Wednesday, March 6, 2013

Grossness, mental and physical

     Well the rain from yesterday turned into snow last night, 2 more inches of snow . . . UHG.  I want it to get nice outside, I want to work with Heidi. 
     I've started to make a mental list of everything I want to do and a few things that have been tossed up in my mind.  I hit a road block with the rabbits and then when I came to the horses.  What do I want to do?  Where do I see myself in a few years?  I really don't know!  That's what I am going to ponder these next few days.  Am I going to continue with the rabbits?  Am I going to cut them back?  If I cut them back, who makes the cut and who doesn't?  Do I really want to continue to break Heidi out?  Do I want to send her to someone?  If I move her to boarding what do I do about Pheonix?  Can I afford to board two?  Will he make the trip and the readjustment again?  He's so buddy-buddy with Heidi I have a hard time taking her out of the feild without him.  Do I have the strength to do what's right for him if I do decide. 

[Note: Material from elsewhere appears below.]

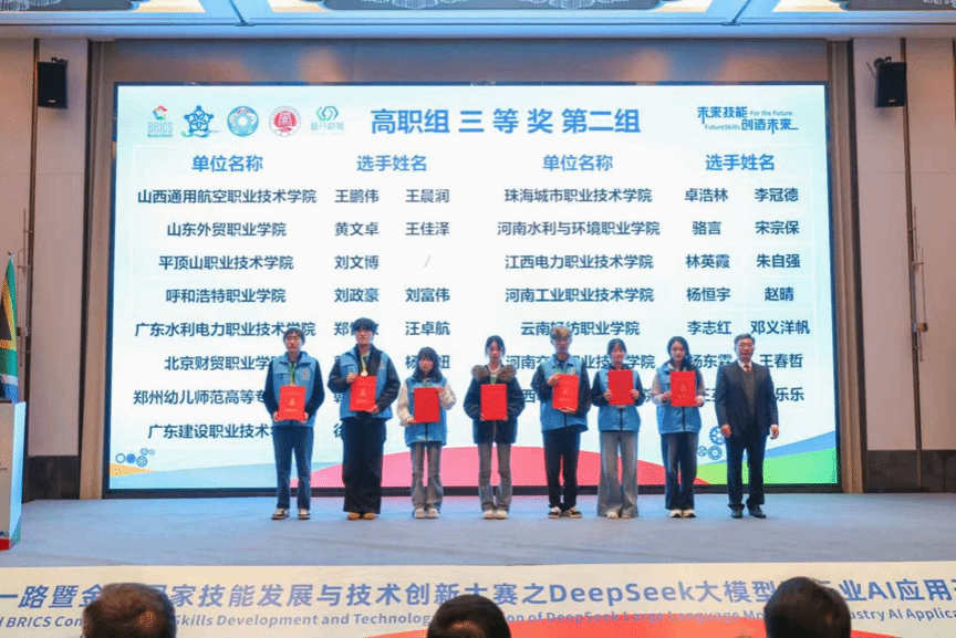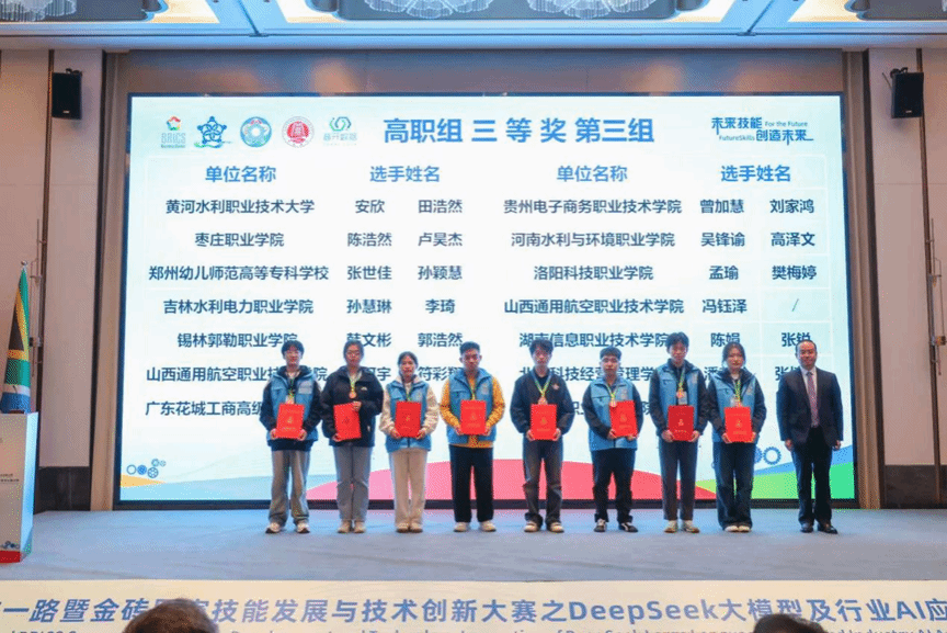 11月6日至8日,2025“一带一路”暨金砖国家技能发展与技术创新大赛之首届DeepSeek大模型及行业AI应用开发赛项全国总决赛在开封大学成功举办。大赛设置本科组和高职组,共有来自全国150多支队伍参赛。经过激烈角逐,我校太阳成城集团tyc234cc2支队伍脱颖而出,荣获全国三等奖2项。

     Another thing I want to do at some point this spring is pick up a handgun- even if I only target shoot with it.  I really enjoyed the target shooting that I did the other night at Ladies Night(see my main blog).  Do I really want to pick up another hobby.  I want to get back to some of my older hobbies but alas, I don't see the timing to do it.  My long weekends off, I'm usually too tired to do anything artsy and I miss it, the short couple days off I don't have the time.  I need to find another job that pays just as well as this one but has better hours.  I fear I won't find that.  I know it might mean moving- if I have to move, will I have the room to bring the bunnies?  Be able to afford to have Heidi boarded?  Nothing right now makes sense to me so I'm in a mental funk and I'll have to keep digging to get out of it. A baisc sort and compile, sort and compile.  With any luck I'll be in a corner doing something all by myself tonight so I don't have to really pay attention as much and can think about things.   I know I have to at least last through April at Nestle so I can get their contributions to my 401K but that's all about now.   I will attempt to get some pictures in the snow today but no garuntees with the camera-that or take the big camera out with me!  Pictures will be in tomorrow's update.  Though I have come to a little bit of a conclusion, I'm not letting my dutch expand much beyond the few torts I have coming in.  I do know Jeanie will be bred to Dalton and then Dalton will move on and I'll keep a son of his in his place and still be able to keep Jeanie because of Colby.  So by fall I should have a solid working line there and then hold it steady there, of coarse this is all speculation because you never know what the future holds!!